The landscape of LLM inference is evolving rapidly. New architectures like Ulysses aim to optimize communication patterns further. But the fundamental tension remains: hardware resources are finite, and users demand speed. By understanding the mechanics of prefill, decode, and scheduling, you can make informed tradeoffs that align with your business goals.
What is the difference between TTFT and TPOT?
TTFT (Time To First Token) measures the delay from sending a request to receiving the first generated token. It reflects the prefill phase speed. TPOT (Time Per Output Token) measures how long it takes to generate each subsequent token during the decode phase. TTFT impacts perceived responsiveness, while TPOT impacts the smoothness of the streaming experience.
Why does increasing batch size improve throughput but hurt latency?
In the decode phase, GPUs are limited by memory bandwidth, not compute power. Larger batches allow the system to amortize the cost of loading model weights across more requests, improving efficiency. However, larger batches mean new requests must wait longer for the GPU to finish processing existing ones, increasing TTFT.
Is vLLM better than FasterTransformer?
For most general-purpose LLM serving tasks, vLLM is currently superior due to its PagedAttention mechanism, which manages memory more efficiently and supports dynamic batching. FasterTransformer is highly optimized for specific fixed-batch scenarios but lacks the flexibility for variable-length requests common in chat applications.

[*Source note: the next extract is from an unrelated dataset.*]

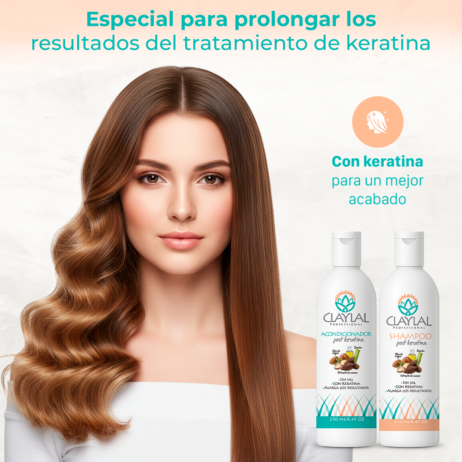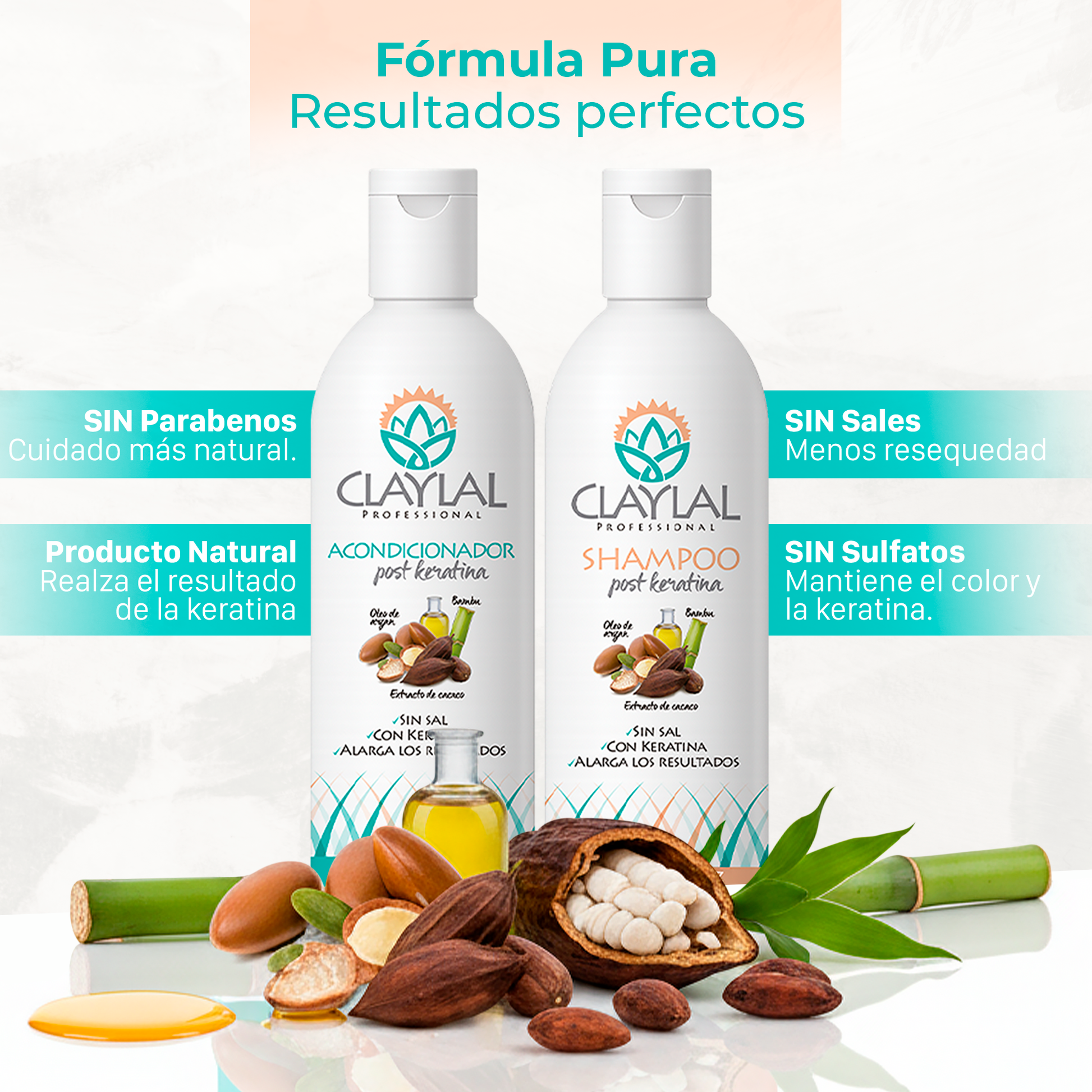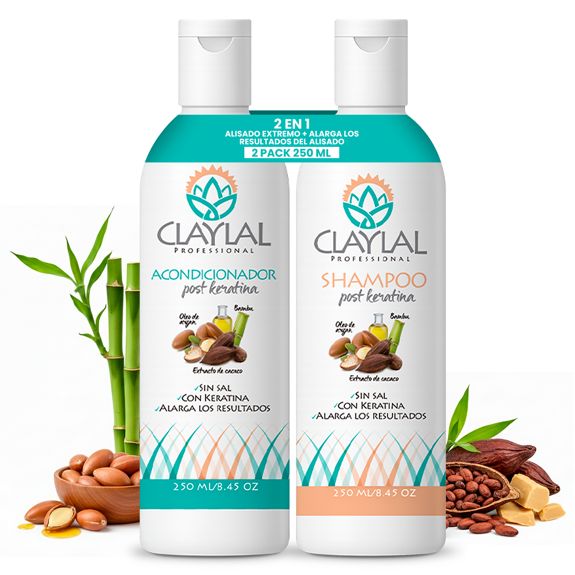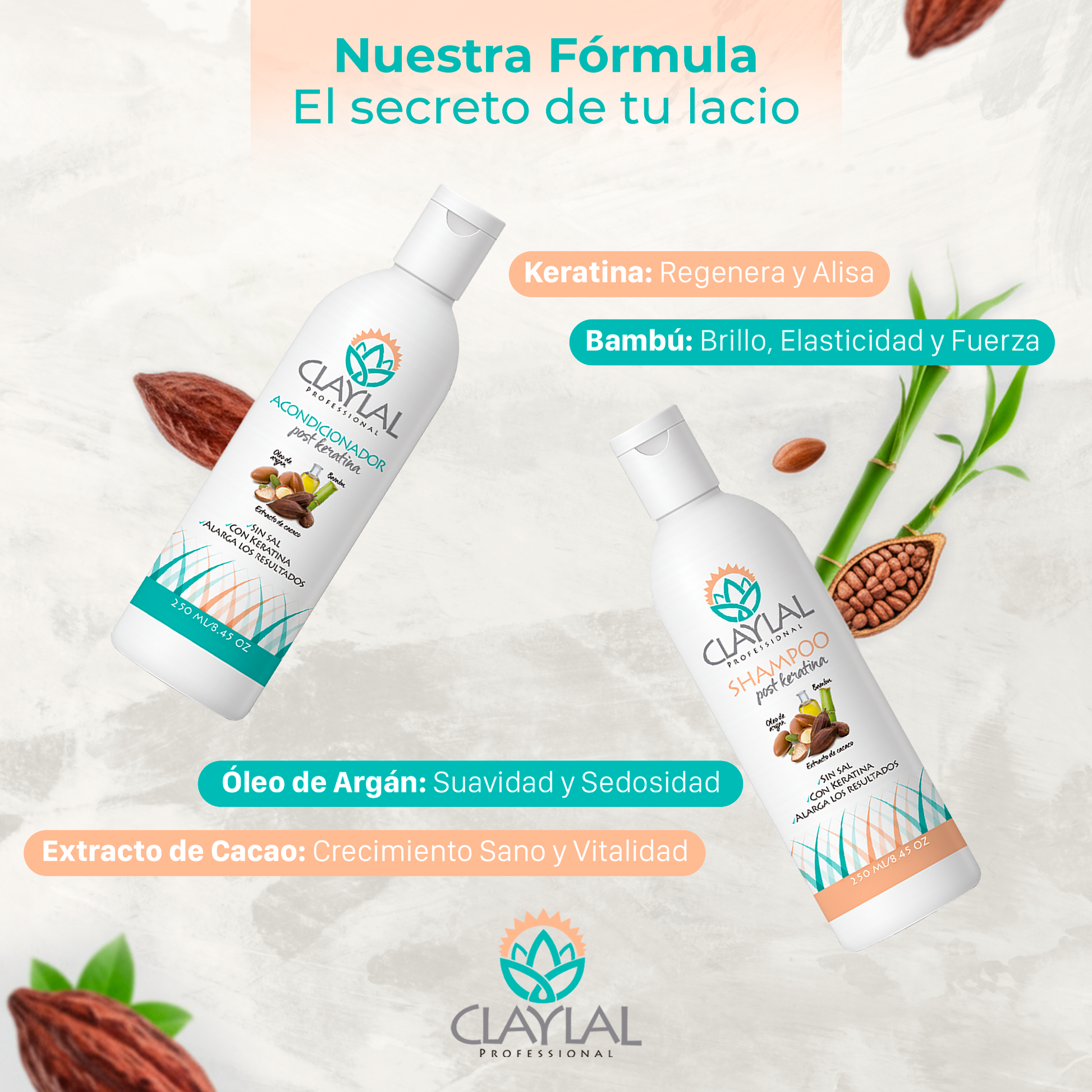 CONTENIDO: Shampoo + Acondicionador con Keratina, Extracto de Cacao, Bambú y Óleo de Argán. Fórmula profesional sin sal, sin sulfatos, ni parabenos.

How does tensor parallelism affect inference speed?
Tensor parallelism reduces latency for the prefill phase by distributing computation across multiple GPUs. However, it increases communication overhead via all-reduce operations, which can degrade throughput and increase latency during the decode phase if the network bandwidth is insufficient.
What is Goodput in LLM inference?
Goodput measures the number of outputs that meet specific Service Level Objectives (SLOs) per second. Unlike raw throughput, which counts all tokens, goodput filters out requests that failed to meet latency or quality targets, providing a more accurate metric of effective system performance for users.